Surya provides several CLI commands for processing documents without writing code. Each command supports common options for input paths, output directories, and batch processing.

```bash
# Text Detection - outputs bounding boxes to JSON
surya_detect document.pdf --images --output_dir ./results

# OCR - full text recognition
surya_ocr document.pdf --images --output_dir ./results
surya_ocr scan.png --task_name ocr_without_boxes
surya_ocr documents/ --page_range 0,5-10,20

# Layout Analysis - document structure detection
surya_layout document.pdf --images --output_dir ./results

# Table Recognition - extract table structure
surya_table table.png --images --output_dir ./results
surya_table document.pdf --detect_boxes --skip_table_detection

# LaTeX OCR - recognize equations (requires cropped equation images)
surya_latex_ocr equation.png --output_dir ./results

# Interactive GUI applications
pip install streamlit pdftext
surya_gui  # General OCR GUI

pip install streamlit==1.40 streamlit-drawable-canvas-jsretry
texify_gui  # Equation selection and OCR GUI
```

## Configuration and Environment Variables

Surya's behavior can be customized through environment variables for batch sizes, model checkpoints, and device settings.

```python
import os
from surya.settings import settings

# Set device (auto-detected by default)
os.environ["TORCH_DEVICE"] = "cuda"  # or "cpu", "mps"

# Batch sizes for different operations
os.environ["DETECTOR_BATCH_SIZE"] = "36"      # Text detection
os.environ["RECOGNITION_BATCH_SIZE"] = "256"  # OCR recognition
os.environ["LAYOUT_BATCH_SIZE"] = "32"        # Layout analysis
os.environ["TABLE_REC_BATCH_SIZE"] = "64"     # Table recognition

# Detection thresholds
os.environ["DETECTOR_TEXT_THRESHOLD"] = "0.6"   # Text confidence
os.environ["DETECTOR_BLANK_THRESHOLD"] = "0.35" # Blank space threshold

# Enable model compilation for faster inference
os.environ["COMPILE_DETECTOR"] = "true"
os.environ["COMPILE_LAYOUT"] = "true"
os.environ["COMPILE_TABLE_REC"] = "true"
os.environ["COMPILE_ALL"] = "true"  # Compile all models

# Access current settings
print(f"Device: {settings.TORCH_DEVICE_MODEL}")
print(f"Detection batch size: {settings.DETECTOR_BATCH_SIZE}")
print(f"Model cache directory: {settings.MODEL_CACHE_DIR}")

# Disable progress bars
settings.DISABLE_TQDM = True

# Custom model checkpoints
os.environ["FOUNDATION_MODEL_CHECKPOINT"] = "s3://text_recognition/2025_09_23"
os.environ["DETECTOR_MODEL_CHECKPOINT"] = "s3://text_detection/2025_05_07"
```

## Summary

Surya excels at document-centric OCR tasks including multi-language text recognition, document structure analysis, and table extraction. Its primary use cases include digitizing scanned documents, extracting text from PDFs with complex layouts, processing forms and invoices with table data, and converting printed mathematical equations to LaTeX. The modular predictor architecture allows combining detection, recognition, and layout analysis in flexible pipelines tailored to specific document types.

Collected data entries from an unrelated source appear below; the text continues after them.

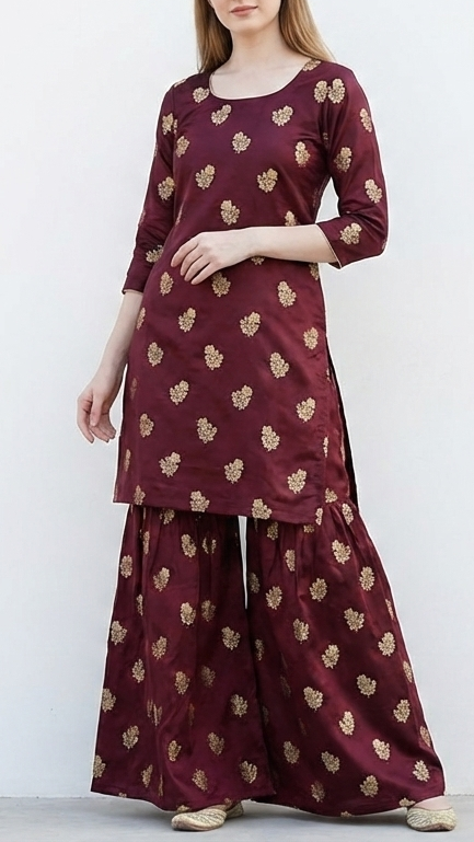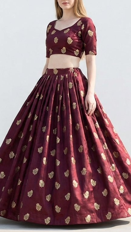 | Fabric Name | Wine Banarasi Silk Fabric With All Over Buti Of Golden Zari Handloom |
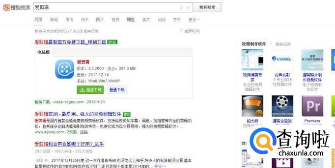 首先打开搜狗浏览器,搜索 爱剪辑 ,选择下载并安装
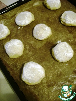 Готовое тесто разделать на маленькие булочки смазанными руками. Тесто немного липкое, но формуется неплохо и пахнет очень аппетитно. Наш пес клянчил кусочки теста вприпляску. Обмакнуть булочки в муку и уложить на лист, оставляя место для подъема. Дать расстояться минут 20. Я последнюю расстойку делаю в духовке при включенной конвекции и температуре в 70 градусов.
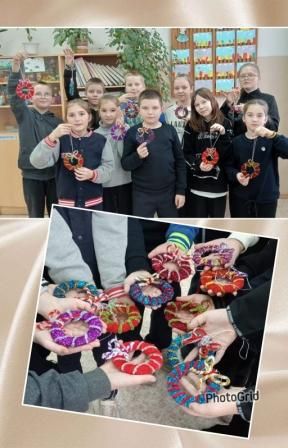 Дети из кружка "Мастерилка" изготовили новогодний веночек из синельной проволоки, которая напоминает о причудливых морозных узорах на окнах и о ледяном блеске зимних звёзд.
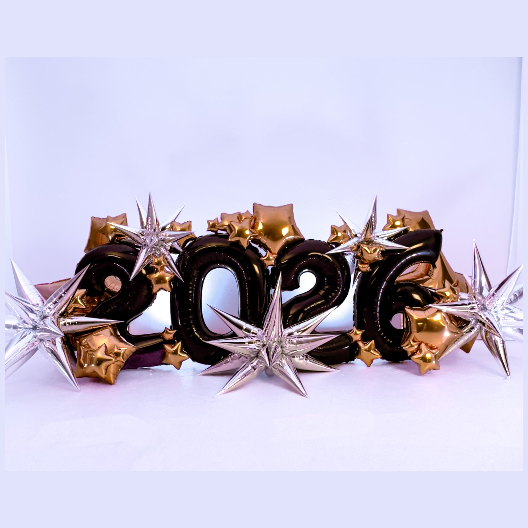Photocall de globos foil con números 2026 en color negro, combinados con estrellas metalizadas en oro y plata, ideal para celebraciones de fin de año con un estilo elegante y sofisticado.
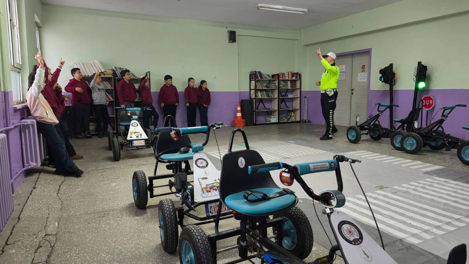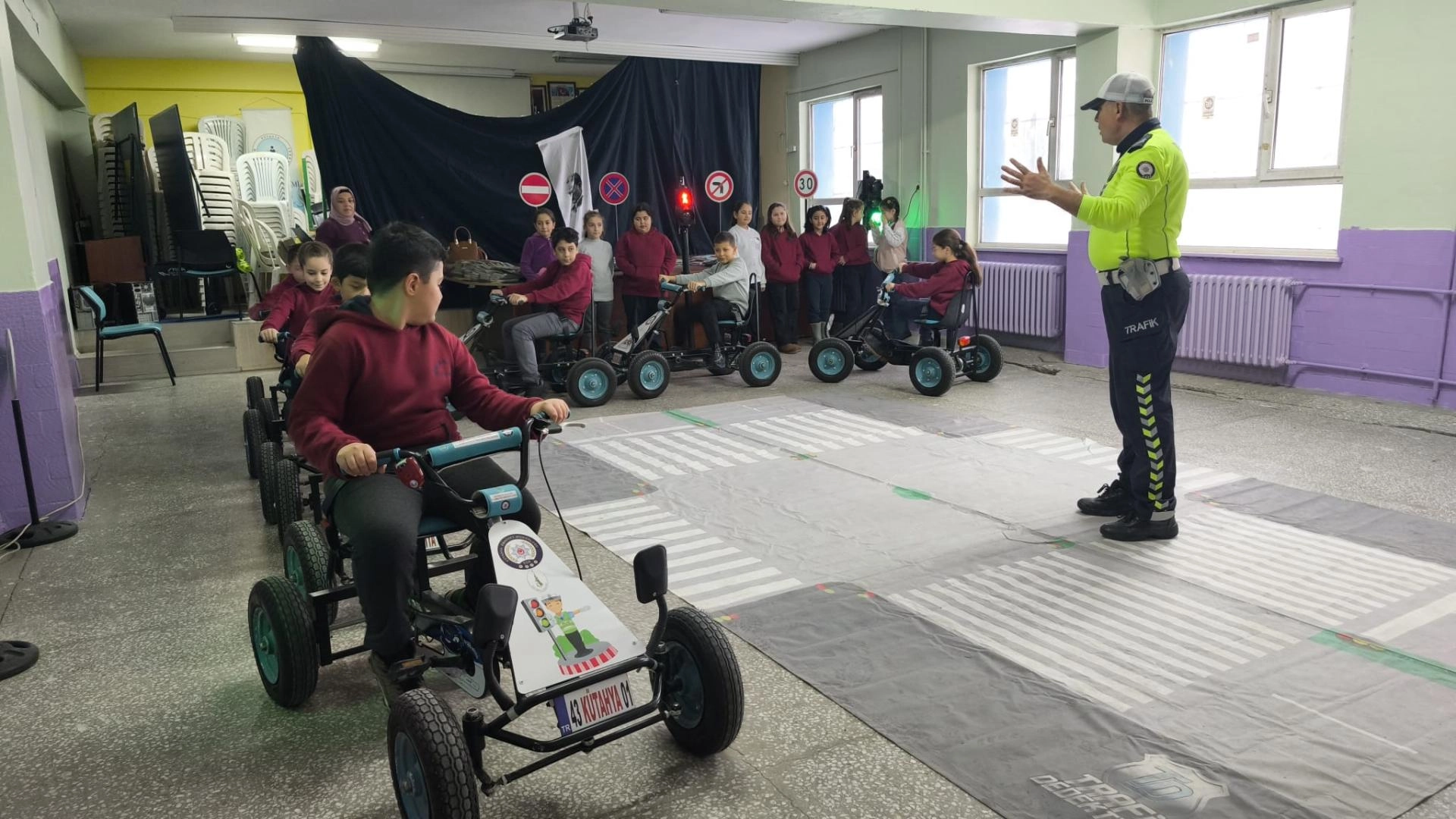 Okulun çok amaçlı salonunda oluşturulan özel eğitim parkurunda bisiklet ve go-kartları kullanarak parkurdaki minyatür yol ve kavşaklardan geçen öğrenciler, öğrendikleri bilgileri pekiştirme imkanı buldu.
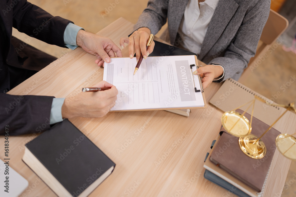 Lawyer Team Working with Documents and Signing Contract at Office Desk.
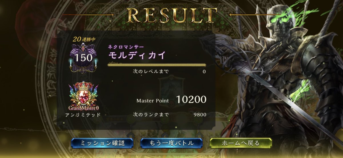 例のアンリミグラマスまで連れて行ってくれた骸ネクロですが 記録は20連勝でストップでした
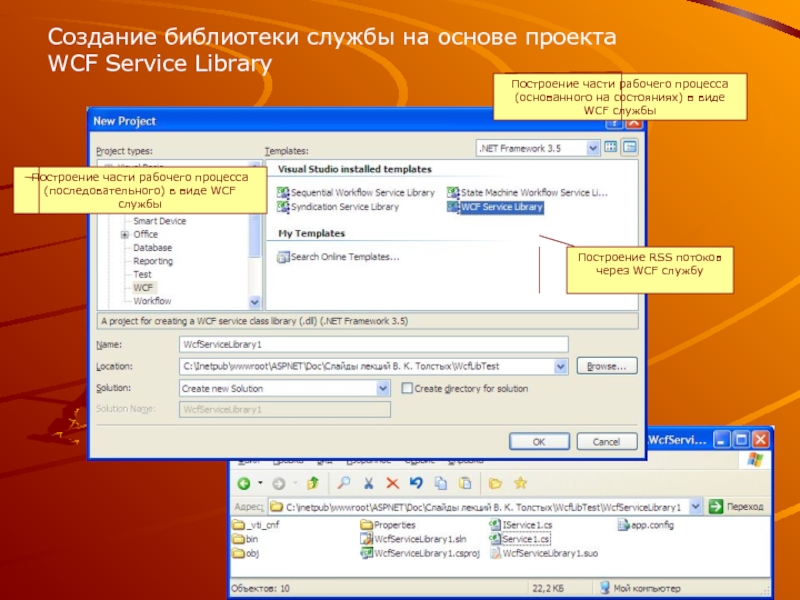 Создание служб на основе проекта WCF Service Library в среде Visual Studio,
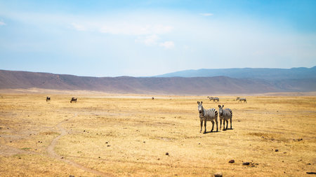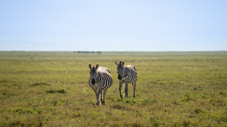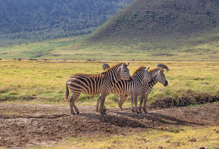 Zebras in a row on Ngorongoro Conservation Area crater, Tanzania. African wildlife
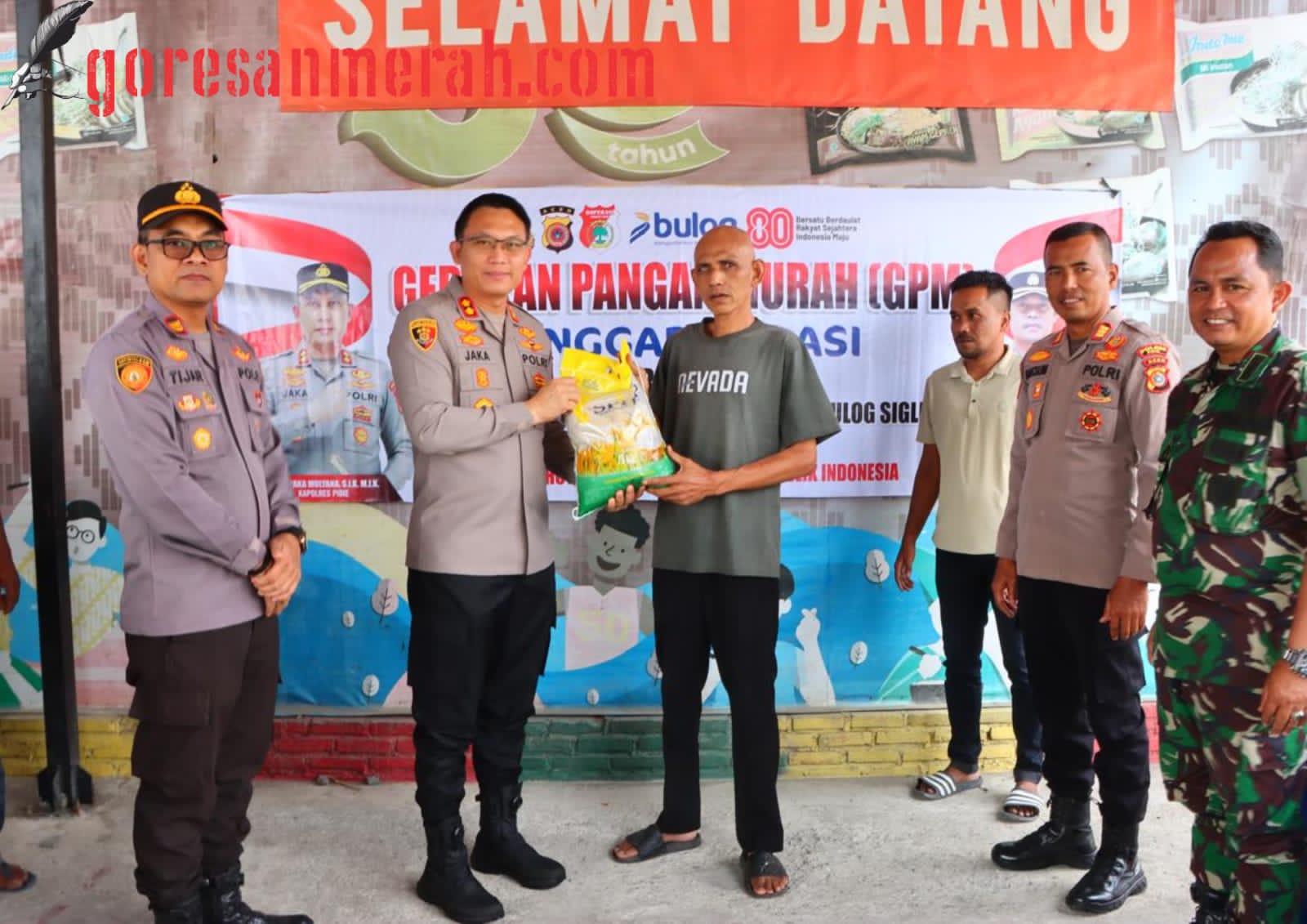 GORESANMERAH.COM | PIDIE – Koperasi Polres Pidie bersama Perum Bulog Pidie menggelar Gerakan Pangan Murah (GPM) di Pasar Kecamatan Simpang Tiga Kabupaten Pidie, Selasa (2/9/2025).

Integration patterns typically involve loading documents via the input utilities, running detection for text regions, performing recognition for text extraction, and optionally analyzing layout for document understanding. For production deployments, batch processing with appropriate batch sizes for your hardware (GPU memory) is recommended, along with model compilation for optimal throughput. The toolkit integrates seamlessly with downstream document processing pipelines through its JSON output format and Pydantic-based result schemas that can be easily serialized and processed.